Volker Pantenburg, Harun Farocki Institut, Berlin
In “One plus one” (1968), Godard famously proclaimed: If an intellectual wants to be revolutionary, he has to stop being an intellectual. Many notions of radicality around 1968 are struggling with the question how the relation between thinking/aesthetics on the one hand and acting/politics on the other can be overcome. Does one need to take sides? If so, which side would it have to be? Is it a false dichotomy in the first place?

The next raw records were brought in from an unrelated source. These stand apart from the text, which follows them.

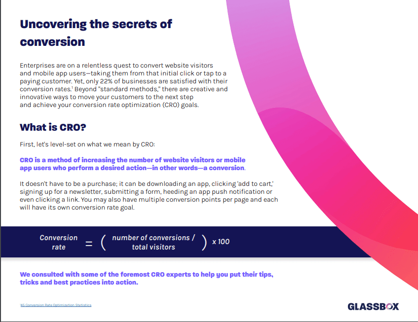 Enterprises are on a relentless quest to convert website visitors and mobile app users—taking them from that initial click or tap to a paying customer. Yet, only 22% of businesses are satisfied with their conversion rates.1 Beyond “standard methods,” there are creative and innovative ways to move your customers to the next step and achieve your conversion rate optimization (CRO) goals.
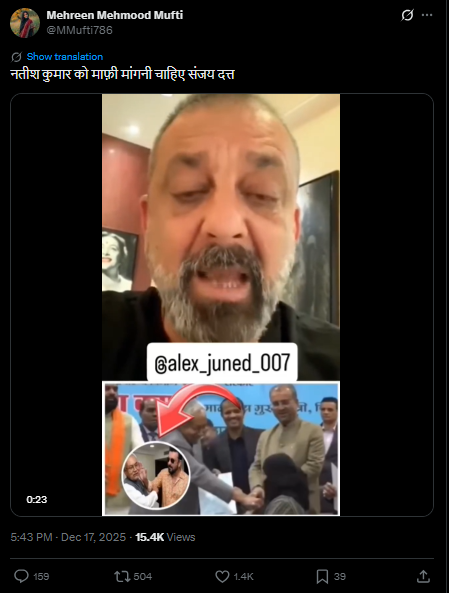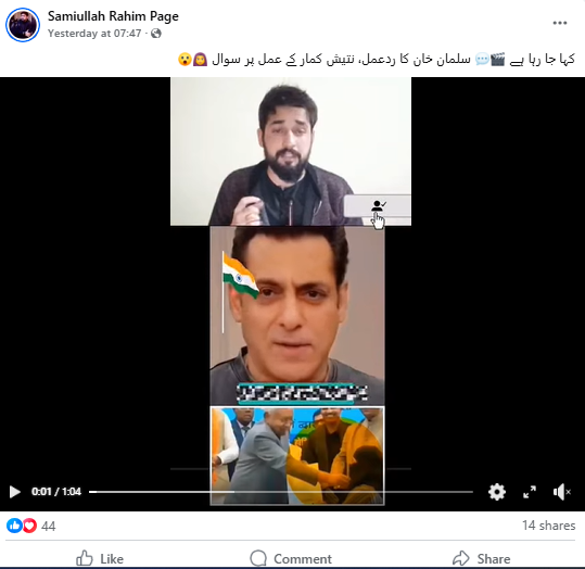 سوشل میڈیا پر اداکار شاہ رخ، سلمان اور سنجے دت کی ویڈیوز بہار کے وزیر اعلیٰ نتیش کمار کے مسلمان خاتون ڈاکٹر کا حجاب کھینچنے والے واقعے سے جوڑ کر شیئر کی جا رہی ہیں۔ ان ویڈیوز کو تینوں اداکاروں کے بیانات یا ردعمل کے طور پر پیش کیا جا رہا ہے تاکہ عوام میں یہ تاثر پھیلایا جا سکے کہ انہوں نے حجاب معاملے پر نتیش کمار کی تنقید کی ہے۔
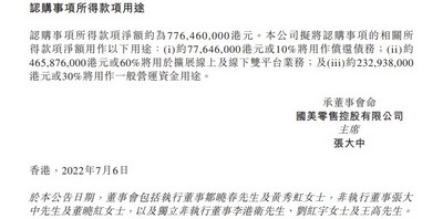 公告显示,认购事项所得款项净额约为7.76亿港元,国美零售拟将认购事项的相关所得款项净额用作以下用途:约7764.6万港元或10%将用作偿还债务;约4.66亿港元或60%将用于扩展在线及线下双平台业务;及约2.33亿港元或30%将用作一般营运资金用途。

Harun Farocki, Holger Meins, and Günter Peter Straschek, fellow students of the first year at Deutsche Film- und Fernsehakademie Berlin (dffb) gave different answers and suggested different paths. Meins, cameraman for Farocki’s The Words of the Chairman (1967) and Straschek’s A Western for the SDS (1968) and director of Oskar Langenfeld (1966) took the most radical option by joining the armed struggle of the Red Army Faction and ending his life in prison after a hunger strike in November 1974. Farocki and Straschek, in their turn, tried to maintain a rigorous political stance within the realm of a political aesthetics. In a variation of Godard’s one-liner, Straschek reminds us: “Bad intellectuals have never yet become good proletarians.” Showing and commenting clips and short films by the three film makers, I would like to delineate options of negotiating film making and politics in the years 1967 to 1970.
Volker Pantenburg is professor for Film Studies at Freie Universität Berlin. In 2015, he co-founded the Harun Farocki Institut.